WASHINGTON – While most of the media obsess over Chandra Levy's relationship with Rep. Gary Condit, D-Calif., others want more attention focused on the possibility the missing intern may have been the victim of a street crime totally unrelated to the congressman.
Sources have told Fox News Levy was having an affair with Condit, who is married and has insisted the two were "close friends" while she served as an intern for the Bureau of Prisons. Levy's parents are expected to appear at a Washington, D.C., press conference on Wednesday to discuss their daughter's disappearance.
Levy's parents arrived at Dulles airport in Virginia late Tuesday. They were taken off the plane without passing through the gate where a swarm of media were awaiting their arrival.
Robert and Susan Levy have hired a new lawyer, though they've yet to identify him. After speaking to the press they are sceduled to head back to California Thursday.
D.C. police insist they have no evidence Levy, officially still a missing person, has fallen prey to a serial killer or any other criminal. But nor have they discounted the possibility Levy's disappearance may be linked to the still-unexplained deaths of other young Washington women in recent years, or on the general crime problem in her Dupont Circle neighborhood.
"The media is talking about serial killers when there is no evidence to indicate there is a serial killer," said Sgt. Joseph Gentile, a spokesman for the Metropolitan Police Department. "We're not in the business of speculating. We have no evidence that Miss Levy is dead," he added.
Some have compared the Levy case to that of Joyce Chiang, a 28-year-old who went missing in April of 1999. The government attorney's body was found floating in the Potomac River in Virginia three months later, and police were never able to close the case.
Chiang was last seen headed towards the Dupont Circle Starbucks, not far from Levy's apartment. Police said her body was too decomposed to determine the cause of death, so she may or may not have been murdered.
Almost a year earlier, in August 1998, the body of Christine Mirzayan was found beaten to death in the Georgetown section of D.C. That case, too, was never solved. Mirzayan, a respected biologist, was walking home alone from a barbecue to her dormitory at Georgetown University. Her body had been found on Canal Street.
There's also the issue of general street crime in the Dupont area. Just this week, a young couple last seen emerging from a neighborhood nightclub were found shot dead in nearby Maryland.
Michael Eugene Patten, 29, and Lee Anne Browne, 24, appear to have been carjacked and robbed, as Patten's 1990 Acura, cash and credit cards are missing, according to police.
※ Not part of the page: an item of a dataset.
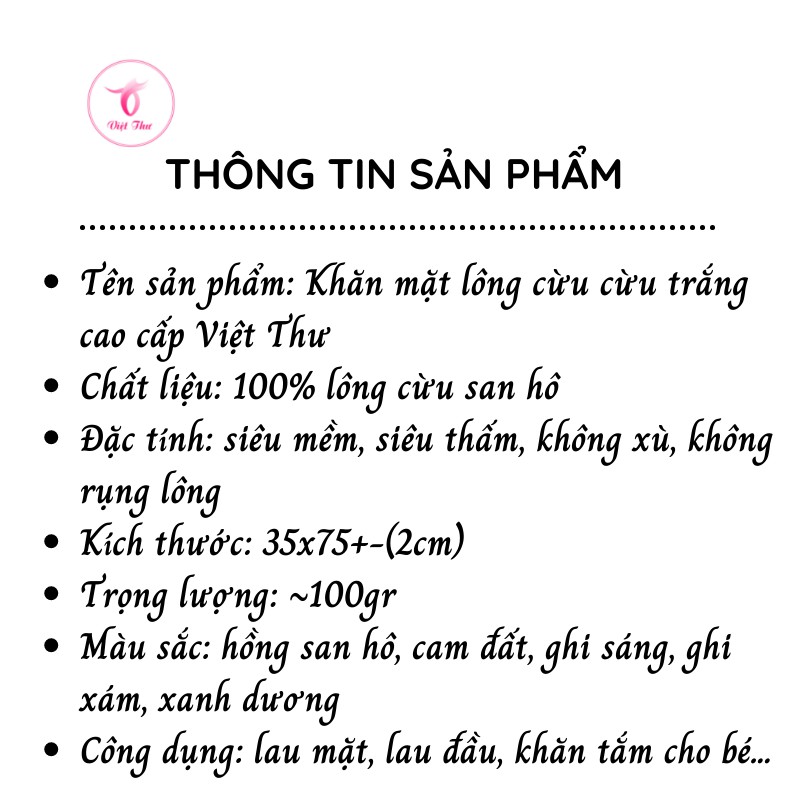 - Màu sắc của khăn luôn là điều bạn quan tâm, thấu hiểu băn khoăn đó mỗi chiếc khăn tại Việt Thư luôn được sản xuất với tiêu chí màu nhuộm an toàn và tự nhiên, không bị phai màu hay rụng lông, đó là sự cam kết hướng tới hài lòng ngay cả những bạn khách khó tính nhất khi tới với Việt Thư

The couple was last seen early Sunday leaving the popular LuLu's club at 1217 22nd St., around the corner from Levy's apartment.
Some local residents feel police haven't done a good job of informing the public about crime in the area.
"I live blocks away from what happened. This really hits close to home," said criminal defense attorney Kim Hallmark, who said there has been a series of area robberies that have not been well-reported by the media or police. "If it's not a suppression of information, it may be a lack of responsibility to the community."
D.C. police said Tuesday there were no other "high-profile" cases of female missing persons in the Dupont Circle area, though Condit's chief of staff has been telling reporters they believe there are "five or six" such cases.
Levy was last seen the evening of April 30 at her gym. She had been preparing to return home to California, and police have since found her bags packed – including her pocketbook and credit cards – locked inside her apartment.